The real me is a person working very hard everyday, every moment to receive reassurance that I’m accepted and in the tribe, in the circle of trust, safe and loved in community. I seek reassurance incessantly. I am fragile and highly anxious. If I don’t get the reassurance, I am hurt. I feel sad and lonely. So I work hard to be accepted. I over-achieve in everything I do: - work output, presentations, documentation, publications. I cook great cakes, put on great BBQs, think up great presents, hand make gifts etc. etc. I’m terrified of the contestable space of the internet because I won’t get the reassurance that I need, instead I’ll get what I dread - challenges, conflict, disagreement- all potential events which would leave me out in the cold, unaccepted, outside the ‘circle of trust’, unloved, disconnected. Terror. So everyday, I work hard to avoid this.
Why am I like this? I think it is ‘insecure attachment”. I’ve never felt totally accepted as I am. I’m not good enough, I have to be better to gain love and acceptance. I’m not good enough. I haven’t ‘arrived’ yet.
So, is this how I want to continue to be? There isn’t a lot of fun and play in this kind of desperate existence. It is a life of duty and achievement. It is exhausting. I’ve realised that the reason I like a lot of quiet time is because it provides the relief from the hard work of endlessly driving for social acceptance. This has to change. I don’t want this anymore.
Mar 13, 2023 - Giving myself empathy and moving from anxiety into self-regulation
Today, I am proud of myself. I’ve just come out of an MRI on my right shoulder.
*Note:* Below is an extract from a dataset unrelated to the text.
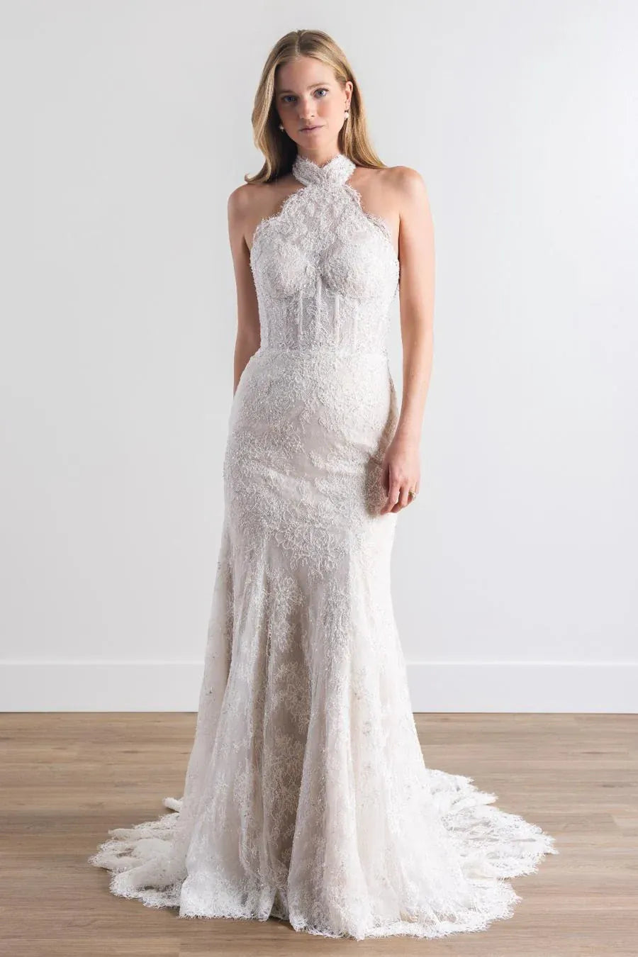 Watters Tate is a romantic lace sheath wedding dress featuring a halter-style neckline + floral motifs! This gown comes to us in great condition from a designer boutique. Watters Tate is Ivory/Blush in color and a size 14.

Sounds innocuous, but in fact, I was faced with my claustrophobia and a very strong flight response. Both were present, and the mechanical encapsulation of my person was to last 20 mins - 20 mins in which I had to find the internal resources to manage my physical reaction and stay self-regulated. I did it. But wow, was I pleased to be out of the that MRI tunnel when the test was finished!
I’m writing this because I want to celebrate how I self-regulated. How I am different.
Here’s a description of what happened. I went into the tunnel, and immediately asked to be taken out. I was overwhelmed with my flight response. Luckily for me, the technician had comms through headphones, heard my plea and pulled me out right away.
After a recovery time and now knowing what my immediate reaction was like, I then started to count in repetitions of 1 and 2 and 1 and 2 and.. , and when I felt ready, asked to be trundled back in. With my eyes closed, I was counting my breaths, and concentrating on the numbers and the rise and fall of my chest. I was scanning my body for responses, such as my heart. It was thumping. It thumped so hard, my body twitched, but I had to keep the shoulder still, so I counted and watched my breath. I counted steadily. I scanned my body. I felt the aircon on my toes, I felt my outbreath on my skin, I felt my nostrils flare as I took an inbreath. I concentrated and counted. The magnetic noises seemed to fit with my counting so I concentrated on their rhythms and counted in time. I rested between the magnetic bombardment, then returned to sensing and counting when the noises returned. And as I observed myself somatically, I started to observe myself compassionately. I hugged my inner child, we played in my heart garden. The flowers were pink and purple. I let her know we were OK. It was understandable to be flighty in this situation. “I’ve got you”, I told my child self. “I’ve got you”, I told my fragile, pained adult self. I held myself with mental care. I relaxed into counting and observing somatically. And toward the end of the 20 mins, my counting had lengthened. I was counting more numbers, even up to eight. My heart rate was slow and resting. My breathing was shallow and calm. I was self-regulated in the midst of stress, fear and flight. I’m celebrating this. It is a sign of how I am changing, and have changed! I can self-connect, self-empathise and support me.